— Ужас какой! — долетело до него восклицание жены. («фу! Какая, однако, неприличная несдержанность Ольги!»)
— Это не ужас, Оленька. Ужас был впереди, когда ко мне пришли с ночным обыском. Слушайте: «Я лежала одетая. Рядом в тумбочке самое дорогое — мои драгоценности и портрет сына. Услышав стук, я бросилась к печурке и все уничтожила и только после этого отворила им дверь. Вошли четверо, вооруженные: «Где хозяйка?» — «В Новгородскую губернию за провизией уехала», — соврала я. «Знаем, скрылась паразитка. Буржуазия работать не кочет, народ мутит». Они приняли меня, без сомнения, за служанку. Обыск шел до утра. Перевернули весь дом — и, потребовав, чтоб я сообщила в домком, как только хозяйка появится, ушли. Вскоре меня «уплотнили». Поселили безногого красноармейца, счетчицу из банка, семью многодетного еврея. Я перебралась в самую маленькую комнату — она при кухне и черном входе. В случае необходимости есть возможность и выйти незаметно... С марта двадцатого года начались новые осложнения. Мой сын стал главнокомандующим Русской армией. На всех стенах, афишных будках и заборах появились воззвания, плакаты и карикатуры. Каждую ночь я меняла место ночлега. Разве не счастье, что я уцелела?!»
Врангель, не выдержав, поспешно уходил, объясняя уход головной болью.
...Еще один день пролетел незаметно. Работа продвигалась медленно. И все крепла мысль, что он один с ней не справится. Следовало вызвать Шатилова и открыться во всем Павлуше. Но каков он теперь? С кем? И захочет ли вновь становиться под знамена, которые оставил, несмотря на все просьбы и увещевания?
Вечером мать, как всегда, продолжала свои чтения.
У Врангеля вновь разламывалась голова. Его знобило, ломило ноги и суставы рук. Он пил чай с ромом, но никак не мог согреться. Хорошо бы уйти и лечь на тахту, укрыться потеплей пледом и буркой. Но разве можно сделать это — опять обидеть мать, оскорбить своим невниманием? Она не простит. Надо терпеть.
Продуло, вероятно, когда раскрыл окна, проветривая от табачного дыма кабинет. Ведь прогулка была сегодня совсем короткой: дождевая пыль, пронизывающий холодный ветер — он дошел лишь до шоссе Ватерлоо и повернул назад. Плохо, очень плохо!..

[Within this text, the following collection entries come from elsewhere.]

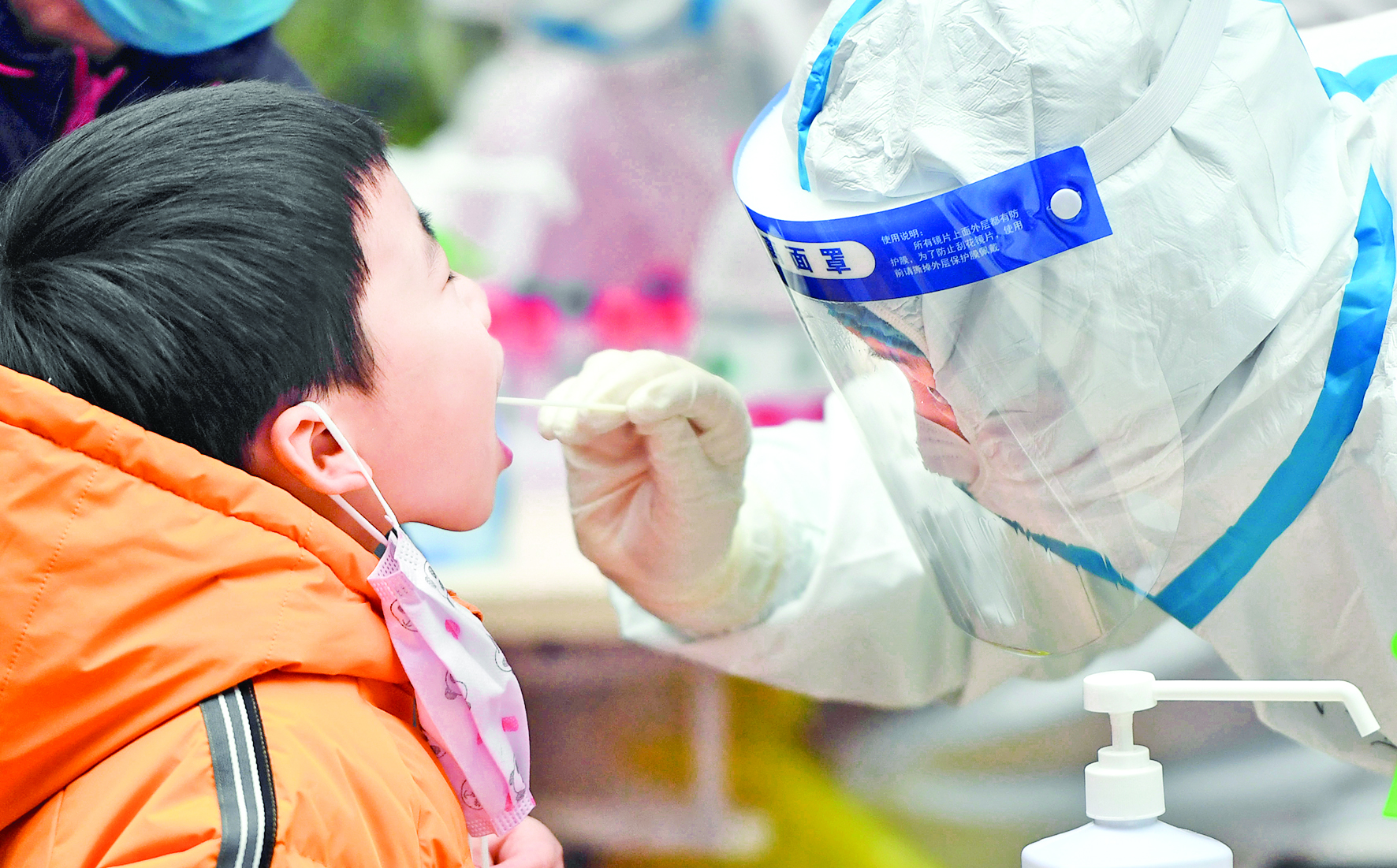 1月7日,在郑州市经八路办事处一处检测点,郑州大学第二附属医院的医护人员在为小朋友做核酸检测。 当日,郑州市开展第二轮全员核酸检测,检测对象包括郑州市域内所有居民(包括本地常住人口、暂住人口、临时流动人口、外籍人口等)。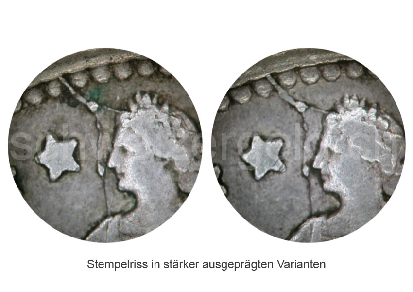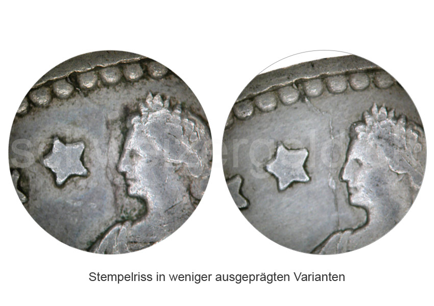 Stempelriss vor dem Gesicht von der linken Schulter bis zum Münzenrand.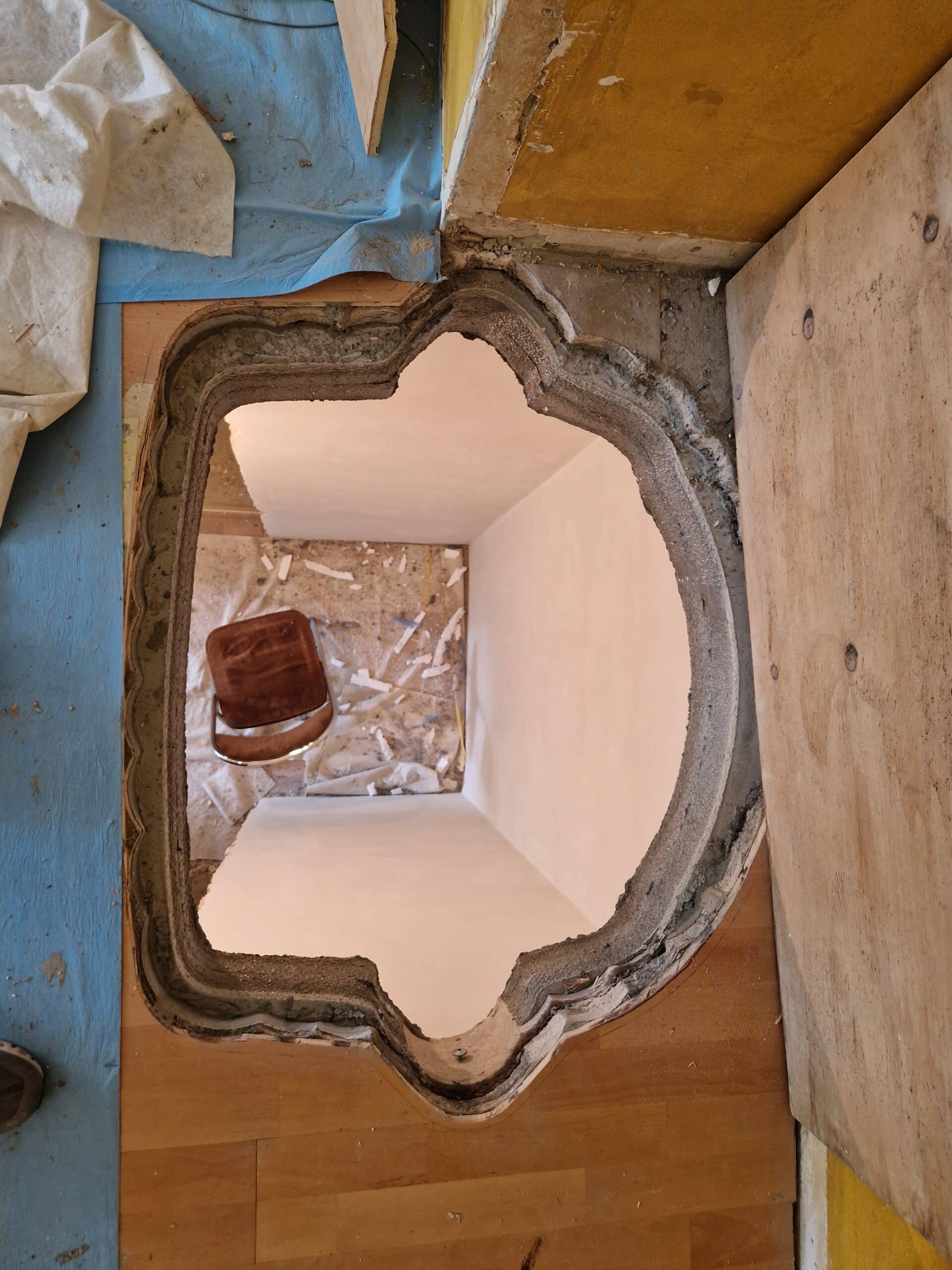 Die Deckenöffnung für das System „MyHomelift“ wird mittels diamantbesetzter Werkzeuge im Kernbohr-Perforationsverfahren hergestellt. Dadurch entsteht ein präziser Ausschnitt mit den geforderten lichten Maßen von etwa 1,05 × 0,82 m – millimetergenau abgestimmt auf den geschwungenen Grundriss des Liftmodells.

— «...В конце октября двадцатого года меня разыскала девушка-финка, передала записку: «Доверьтесь подателю записки вполне. Все устроено», — продолжала читать баронесса. — Финка сказала: «Ехать надо завтра, без багажа. Оденьтесь теплее — путь долгий, по морю четыре часа». Я согласилась и даже оставила в канцелярии записку, что по случаю сильного переутомления прошу двухмесячный отпуск. Свидание наше состоялось на Тучковой набережной. С финкой мы пришли на Балтийский вокзал — день был субботний, народу много. Наконец, подали теплушки, поезд двинулся. На станции Мартышкино вышли. Смеркалось. Долго брели к морю. В маленькой хатке остановились. Хозяин русский, его жена — финка. Полагаю, гнездо контрабандистов, где пришлось провести почти сутки из-за патрулей, искавших кого-то. Ночью за мной пришел пьяный хозяин. С ним — еще двое. Пошли к морю. Ночь была морозная и беззвездная. Столкнули лодку. Меня, как куль, перенесли на руках. Пассажиров собралось человек пять. Поставили парус, вышли в море. Ветер оказался непопутным (нам следовало обогнуть Кронштадт, где рефлекторами освещали море), поднимал волну и мокрые брызги. Трос вычерпывали воду. Я промокла и замерзла. Усилившийся ветер сорвал парус, мачта обломилась. Пошил густой снег.
Был уже четвертый час ночи, когда все финны дружно взялись за весла. Через полчаса примерно лодка пристала к берегу. Меня вытащили. Казалось, вот-вот я лишусь чувств. Принесли в какой-то дом. Жарко топился камин. Стол накрыли скатертью... («Вот опять! — подумал Врангель. — Опять пойдут обывательские, гастрономические подробности»). Чего там только не было! Чудо! Яйца и сыр, масло, белый хлеб, кофе с молоком и сахаром. Я пришла в себя и улеглась. В доме появился новый человек, который присел рядом и сказал мне тихо: «Я знаю, кто вы, знаю о вашем сыне. Скоро мы поедем...»
Финн дал телегу. Двадцать верст — и мы в Териоках, на карантинной станции, где меня подвергли обычным расспросам, покормили и устроили на отдых в приличной и теплой комнате... («Опять! опять! — Врангель с усилием заставлял себя сохранять спокойствие.) ...На следующей неделе многие газеты заговорили «об отважной путешественнице, матери Врангеля». Представитель американской миссии посетил меня и распорядился снабдить всем необходимым... Я очень переживала за сына и крымскую катастрофу...»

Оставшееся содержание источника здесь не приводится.